Resistin, in particular, has been implicated in the progression of DR and is positively correlated with inflammatory markers such as C-reactive protein (CRP), a biomarker of vascular endothelial dysfunction (11, 47, 48). Moreover, visceral fat accumulation may further disturb glucose homeostasis through abnormal secretion of metabolic regulators like retinol-binding protein-1 and leptin, exacerbating hyperglycemia-induced retinal damage (10, 49). While these pathways offer biologically plausible mechanisms linking WWI to retinopathy, further research is required to elucidate the precise molecular and cellular processes involved.

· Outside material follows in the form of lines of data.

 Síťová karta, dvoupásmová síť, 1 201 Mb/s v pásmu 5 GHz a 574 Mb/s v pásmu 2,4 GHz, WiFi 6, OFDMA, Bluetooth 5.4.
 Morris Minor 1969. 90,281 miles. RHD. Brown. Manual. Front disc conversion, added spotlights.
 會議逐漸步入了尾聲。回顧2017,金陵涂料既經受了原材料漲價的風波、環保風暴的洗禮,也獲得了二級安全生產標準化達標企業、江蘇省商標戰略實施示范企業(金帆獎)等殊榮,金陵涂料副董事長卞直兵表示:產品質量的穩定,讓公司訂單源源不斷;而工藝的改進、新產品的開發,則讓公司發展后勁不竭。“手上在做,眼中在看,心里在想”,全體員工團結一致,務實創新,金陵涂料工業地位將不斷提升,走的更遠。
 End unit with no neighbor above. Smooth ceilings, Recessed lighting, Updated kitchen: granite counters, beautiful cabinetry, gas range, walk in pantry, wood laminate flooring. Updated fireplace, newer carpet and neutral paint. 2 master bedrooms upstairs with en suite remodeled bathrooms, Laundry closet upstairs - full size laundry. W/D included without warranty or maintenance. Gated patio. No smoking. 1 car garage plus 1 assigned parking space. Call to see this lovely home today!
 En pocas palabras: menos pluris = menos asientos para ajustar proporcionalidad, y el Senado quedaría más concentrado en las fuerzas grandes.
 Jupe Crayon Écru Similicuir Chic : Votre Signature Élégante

4.4 Strengths and limitations
This study benefits from a nationally representative sample, rigorous adjustment for confounders, and advanced statistical methods (e.g., mediation analysis, non-linear modeling). However, the cross-sectional design precludes causal inference, and residual confounding (e.g., dietary patterns, physical activity) may persist. The small sample size for proliferative retinopathy (N = 28) limits precision in severity-stratified analyses, necessitating validation in larger cohorts. Additionally, retinal assessment methods (non-mydriatic photography vs. clinical grading) may lead to an underestimation of subtle lesions.
4.5 Future directions
Prospective studies should investigate whether WWI reduction through lifestyle or pharmacological interventions lowers incident retinopathy risk. Exploring other mediators (e.g., inflammatory biomarkers, endothelial dysfunction markers) could unravel additional mechanistic pathways. Finally, validating WWI's predictive performance in diverse ethnic populations and its integration into AI-based retinal screening algorithms warrants further research.
4.6 Conclusion
In conclusion, WWI emerges as a superior anthropometric indicator for retinopathy risk, transcending the limitations of conventional obesity metrics. Its association with retinopathy severity and partial mediation by HbA1c underscores the multifactorial nature of retinal microvascular disease, suggesting that interventions targeting glycemic control may help mitigate the effects of abdominal obesity on retinopathy development. However, additional longitudinal research is needed to establish the causal relationship underlying these observations.